Here is a suitable set of rules to solve the first part of the problem:

```[ seq(n, c) := seq(n/2,  c+1) :: n%2 = 0,
seq(n, c) := seq(3n+1, c+1) :: n%2 = 1 :: n > 1 ]
```

Given the initial formula `seq(6, 0)', application of these rules produces the following sequence of formulas:

```seq( 3, 1)
seq(10, 2)
seq( 5, 3)
seq(16, 4)
seq( 8, 5)
seq( 4, 6)
seq( 2, 7)
seq( 1, 8)
```

whereupon neither of the rules match, and rewriting stops.

We can pretty this up a bit with a couple more rules:

```[ seq(n) := seq(n, 0),
seq(1, c) := c,
... ]
```

Now, given `seq(6)' as the starting configuration, we get 8 as the result.

The change to return a vector is quite simple:

```[ seq(n) := seq(n, []) :: integer(n) :: n > 0,
seq(1, v) := v | 1,
seq(n, v) := seq(n/2,  v | n) :: n%2 = 0,
seq(n, v) := seq(3n+1, v | n) :: n%2 = 1 ]
```

Given `seq(6)', the result is `[6, 3, 10, 5, 16, 8, 4, 2, 1]'.
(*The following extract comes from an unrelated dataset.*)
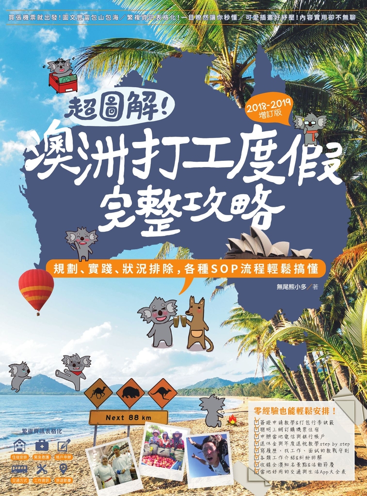 內容簡介 澳洲打工度假(2018-2019增訂版)★覺得台灣薪情差、想跳出舒適圈,不如就去澳洲打工兼度假吧!★除了賺到一桶金,接觸各國人士、累積英語能力、快速拓展視野的國際觀更是值千金!從零基礎逐步教你簽證、打包行李、安排機票住宿、寫履歷面試到吃喝玩樂樣樣通!詳盡介紹各類工作內容、標出語言技術的難易度,並一次收錄多位資深打工者經驗談,讓你找工作不心慌!除了將各種資料整理成精闢易懂的表格、還輔以可愛插畫與近千張當地照片,讓繁複資訊不沈重!Chapter 1 澳洲簡介&簽證介紹篇:概述澳洲地理環境與文化背景,出發前該做的自我檢視、逐步教學澳洲簽證申請流程與二簽的門檻規定Chapter 2 行前準備&入境海關篇:從資金準備、行李打包訣竅到預定機票住宿一次傳授Chapter 3 落地安頓&申辦帳戶篇:抵達澳洲後須申辦的電信網路、銀行帳戶及TFN稅號完全解析,並詳細教學退稅、健保與退休金等相關問題Chapter 4 當地生活&食衣住行篇:介紹當地公共設施與住宿類型,以及各種大眾交通工具一覽,教你如何在生活起居上精打細算Chpater 5 如何找工作&職業介紹篇:從寫履歷表、面試完整經驗傳授,並廣邀各界背包客分享農場、肉廠、旅館、餐廳、賭場及特殊專業工作的實際經驗Chpater 6 當地旅遊&吃喝玩樂篇:從雪梨、墨爾本、布里斯本、凱恩斯、黃金海岸到首都坎培拉,以及達爾文、愛麗絲泉、阿德雷德、伯斯,完整收錄澳洲全國各大城市的旅遊資訊

Notice that the n > 1 guard is no longer necessary on the last rule since the n = 1 case is now detected by another rule. But a guard has been added to the initial rule to make sure the initial value is suitable before the computation begins.

While still a good idea, this guard is not as vitally important as it was for the `fib` function, since calling, say, `seq(x, [])' will not get into an infinite loop. Calc will not be able to prove the symbol `x' is either even or odd, so none of the rules will apply and the rewrites will stop right away.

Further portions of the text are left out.